Rosneft a annoncé que Gerhard Schröder allait quitter le conseil d'administration du groupe pétrolier russe. L'ex-chancelier allemand avait jusqu'alors refusé de quitter ce poste et celui qu'il occupe au sein du comité d'actionnaires de Nord Stream 2. Mais la veille, la chambre basse du parlement allemand lui a retiré certains de ses privilèges.
Gerhard Schröder a finalement cédé à la pression. L'ex-chancelier allemand va quitter le conseil d'administration de Rosneft, a annoncé le groupe pétrolier russe. Ce dernier a précisé que Gerhard Schröder avait informé la compagnie qu'il ne pouvait prolonger ses fonctions de président du conseil d'administration du numéro un russe du pétrole.
C'est un changement radical de position pour celui qui fut chancelier de 1998 à 2005 et qui refusait jusqu'alors de quitter son poste de président du conseil d'administration de Rosneft, premier groupe pétrolier russe, et du comité d'actionnaires de Nord Stream 2, gazoduc russo-allemand controversé. Il était même question qu'il entre en juin au conseil de surveillance du géant russe Gazprom.
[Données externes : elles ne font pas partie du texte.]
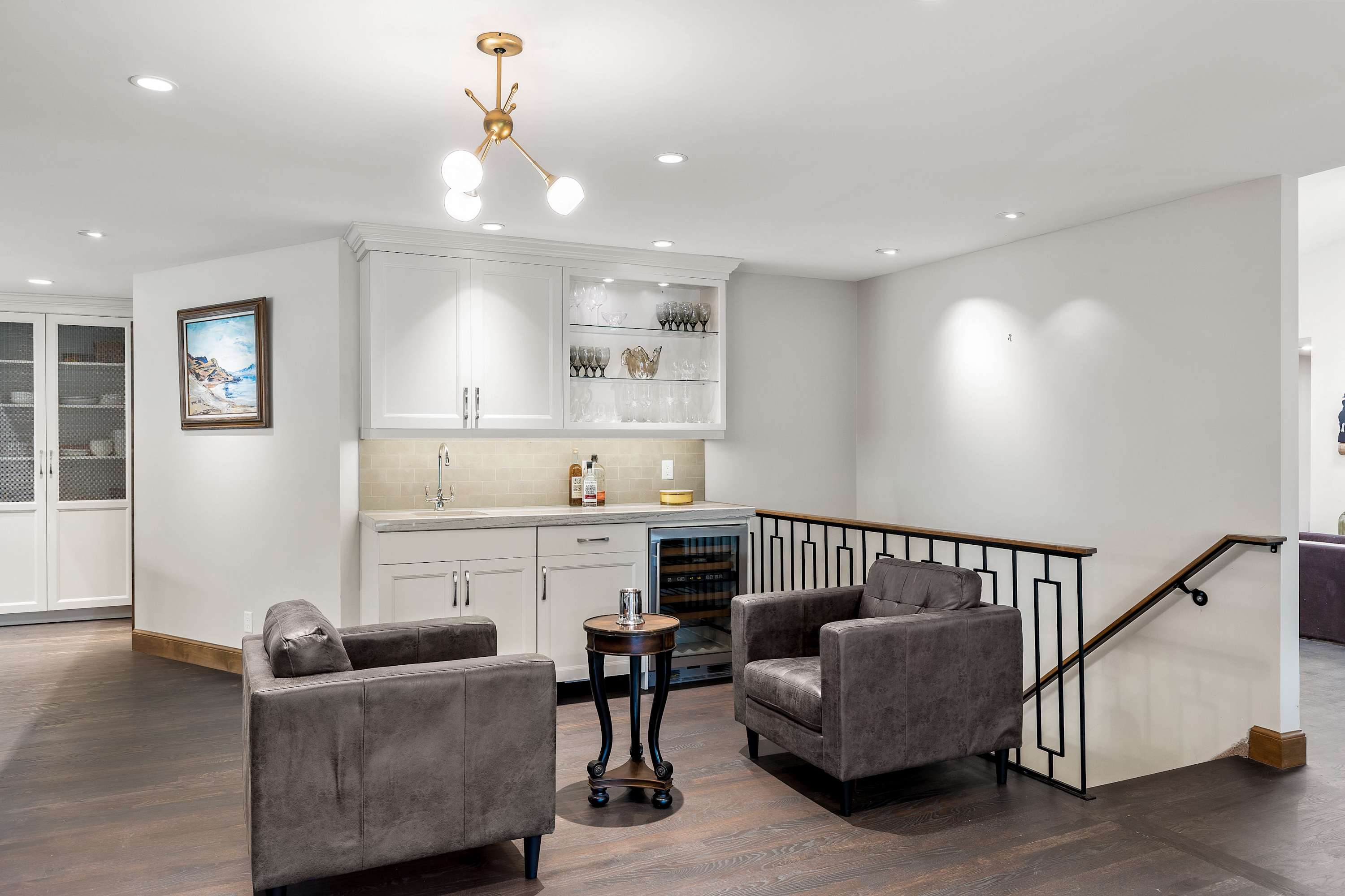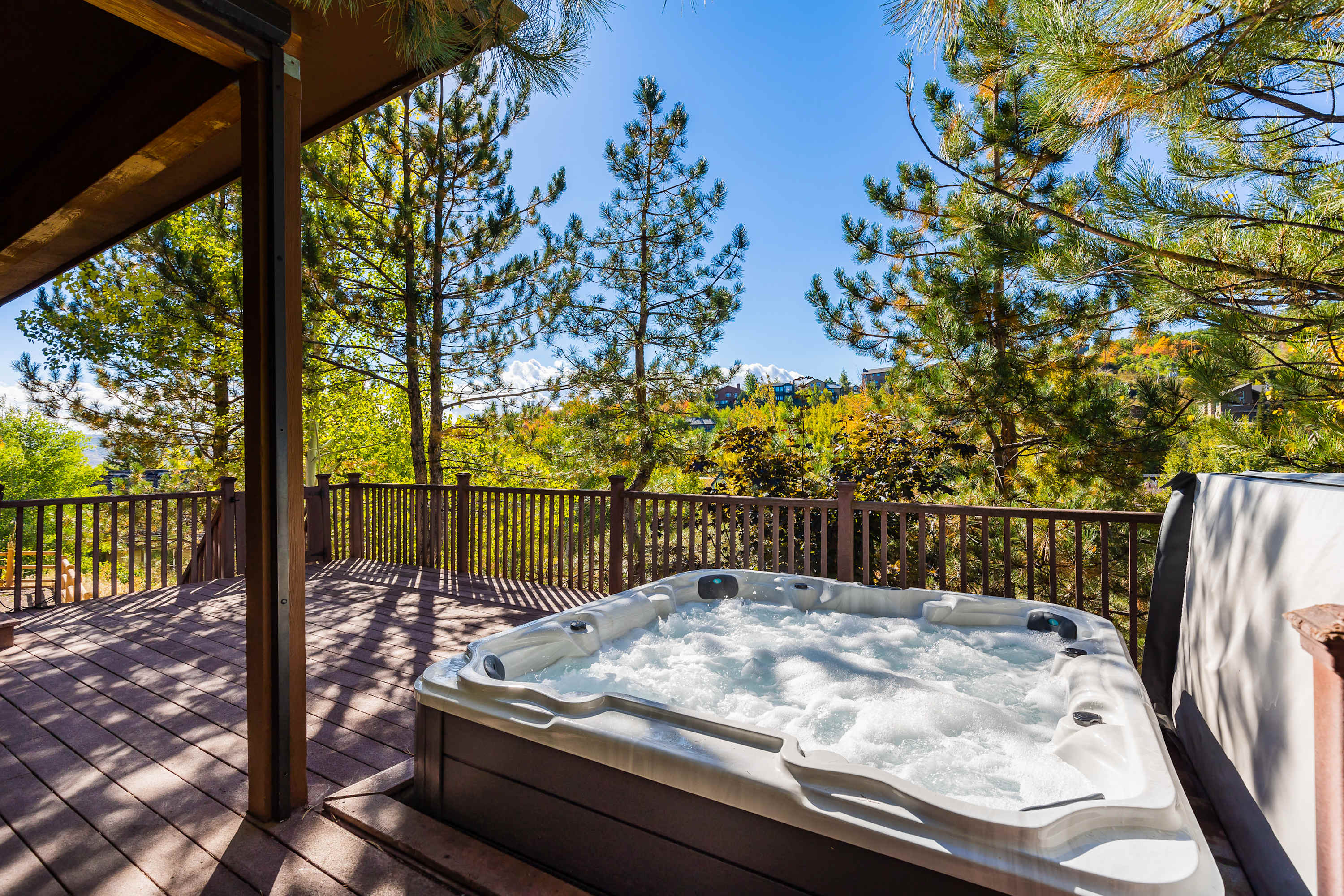 Next to the kitchen is an uber cool bar and lounge area, where you can mix it up with some cocktails and friends or family before heading out to the incredible, large, and super private deck with its private hot tub.
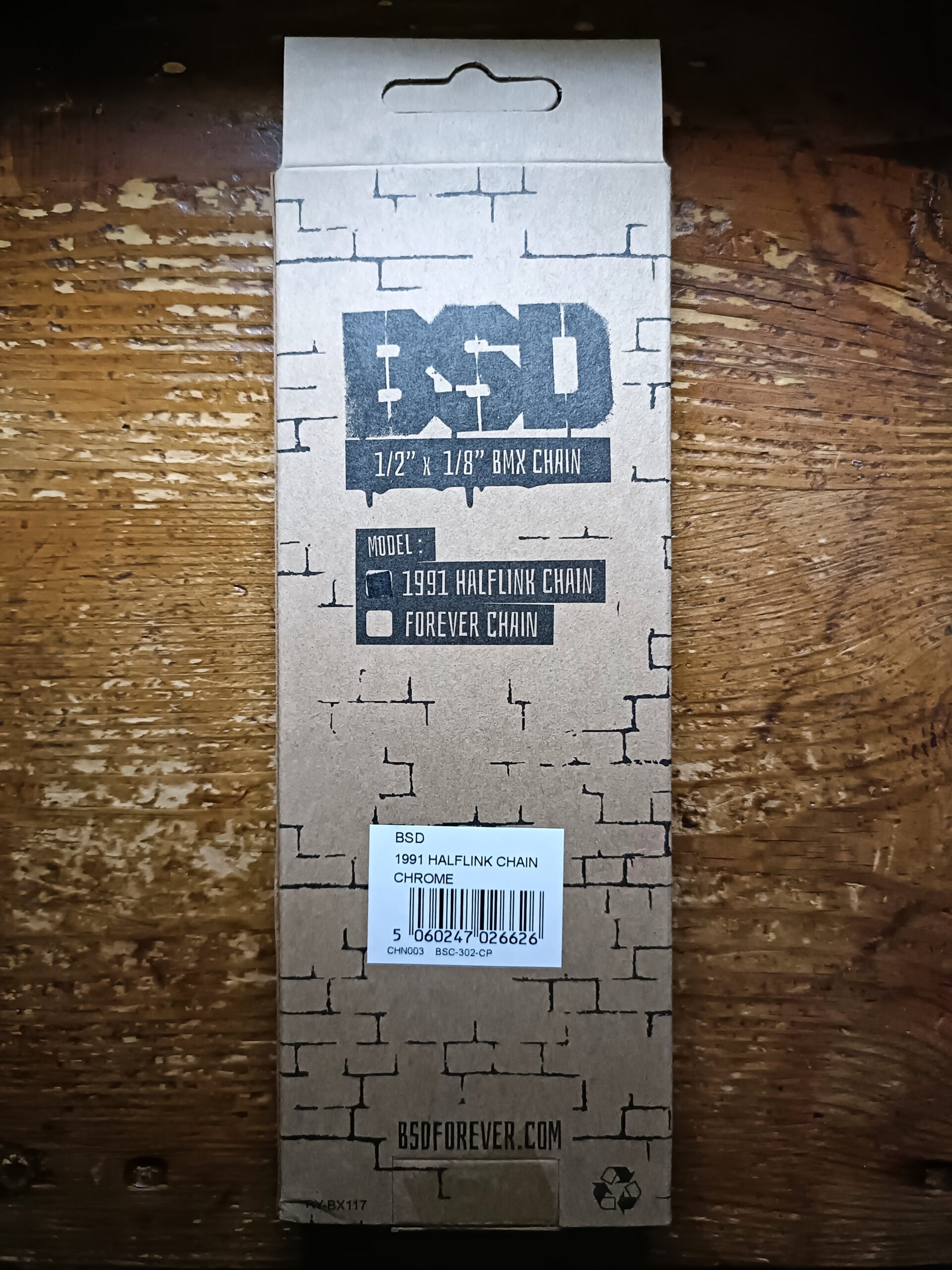 A very durable half link BMX chain with BSD logos stamped on the plates.
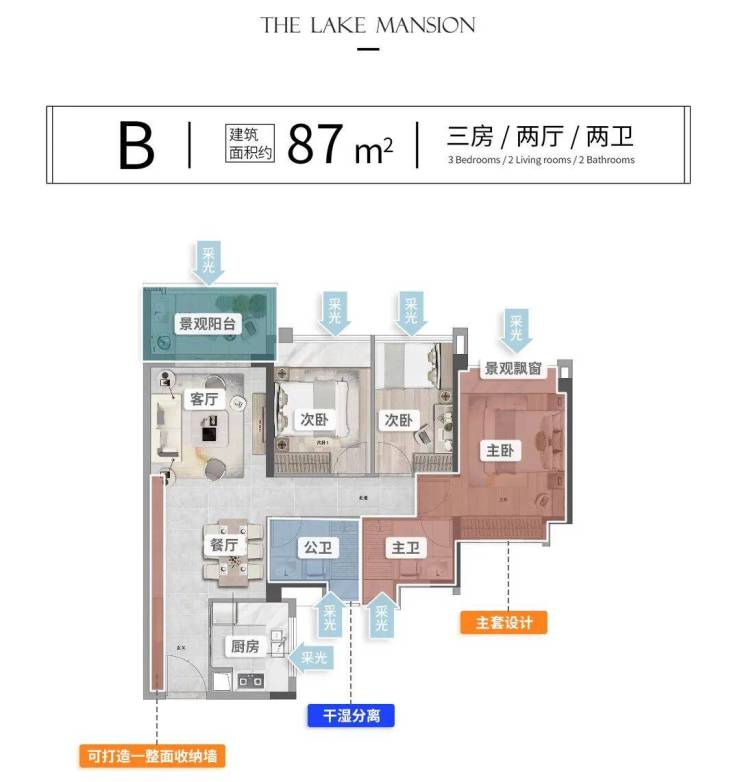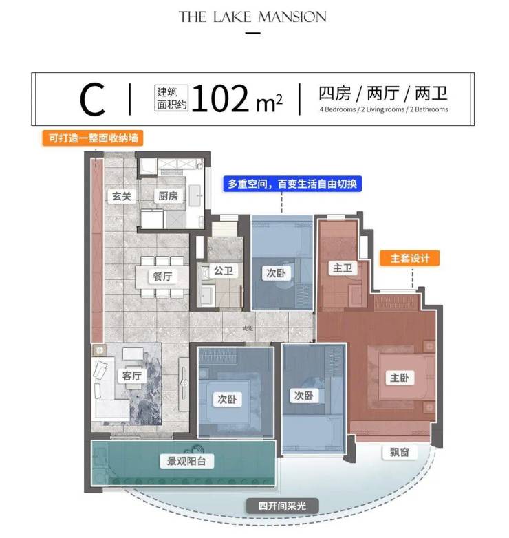 奢阔主套,私享“L”型豪华衣帽间及景观飘窗

Ce proche de Vladimir Poutine maintient à l'égard de la Russie une position ambiguë, condamnant l'invasion de l'Ukraine, mais appelant à "ne pas couper complètement les liens" avec Moscou.
Mais la sanction imposée par le Bundestag, la chambre basse du parlement allemand, la veille a peut-être convaincu le septuagénaire de se ranger derrière l'avis général. Gerhard Schröder s'est en effet vu retirer certains de ses privilèges dus à son ancienne fonction, dont l'attribution de bureaux. L'ancien homme politique allemand continuait de bénéficier de plusieurs bureaux à la chambre des députés et d'un budget pour du personnel représentant un coût de 400.000 euros par an pour les contribuables allemands. Il avait également été privé de distinctions honorifiques par plusieurs villes.
Par ailleurs, à Bruxelles, les députés du parlement européen ont voté à une large majorité une résolution non contraignante lui demandant nommément de démissionner de ses postes. "Les membres européens des conseils d'administration des grandes entreprises russes et les hommes politiques qui continuent à recevoir des fonds russes" devraient être ajoutés à la liste des sanctions de l'UE, stipule le texte.